# [What this task involves]
Please give the whole listing again word for word, and drop any pictures it holds.

# [Dataset section]

# # # #

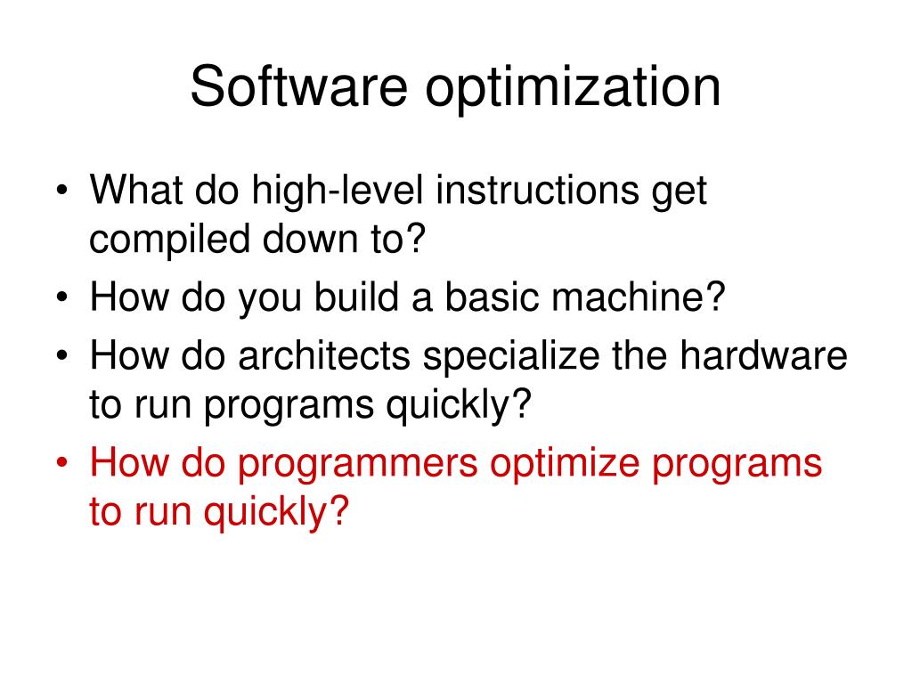 Software optimization • What do high-level instructions get compiled down to? • How do you build a basic machine? • How do architects specialize the hardware to run programs quickly? • How do programmers optimize programs to run quickly?
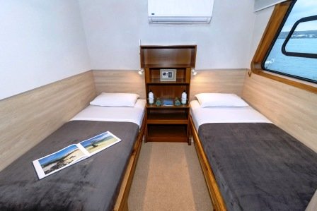 The Koln is a first-class yacht. On the lower deck, it offers 5 twin cabins and 1 bunk bed cabin (No. 2). On the upper deck there are 2 cabins with a double bed (Nos. 7–8) and 2 twin cabins (Nos. 9–10). All cabins feature a private bathroom, safe, air conditioning, and hair dryer. Wi-Fi is available throughout the vessel. There are several beautifully furnished common areas, including the dining room, a salon, a lounge, a bar, and both observation and sun decks. The ship also offers a beautiful bar, a sundeck, and a comfortable lounge.
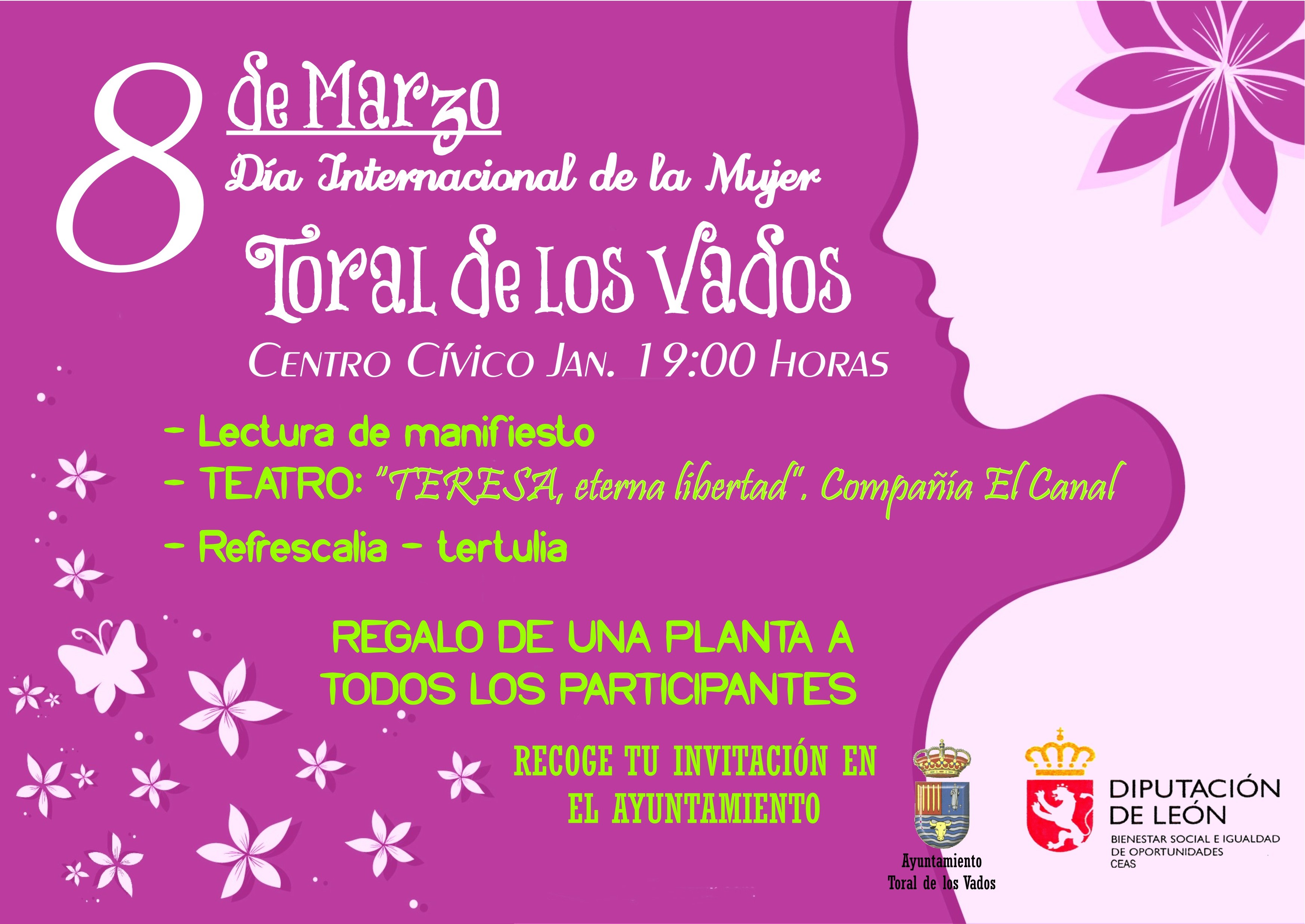 Con motivo de la celebración del día Internacional de la Mujer, el próximo 8 de marzo, La Diputación de León y el CEAS, en colaboración con el Ayuntamiento de Toral de los Vados, han preparado el siguiente programa de actos:

# # # #

# [Answer section]
 Software optimization • What do high-level instructions get compiled down to? • How do you build a basic machine? • How do architects specialize the hardware to run programs quickly? • How do programmers optimize programs to run quickly?
 The Koln is a first-class yacht. On the lower deck, it offers 5 twin cabins and 1 bunk bed cabin (No. 2). On the upper deck there are 2 cabins with a double bed (Nos. 7–8) and 2 twin cabins (Nos. 9–10). All cabins feature a private bathroom, safe, air conditioning, and hair dryer. Wi-Fi is available throughout the vessel. There are several beautifully furnished common areas, including the dining room, a salon, a lounge, a bar, and both observation and sun decks. The ship also offers a beautiful bar, a sundeck, and a comfortable lounge.
 Con motivo de la celebración del día Internacional de la Mujer, el próximo 8 de marzo, La Diputación de León y el CEAS, en colaboración con el Ayuntamiento de Toral de los Vados, han preparado el siguiente programa de actos:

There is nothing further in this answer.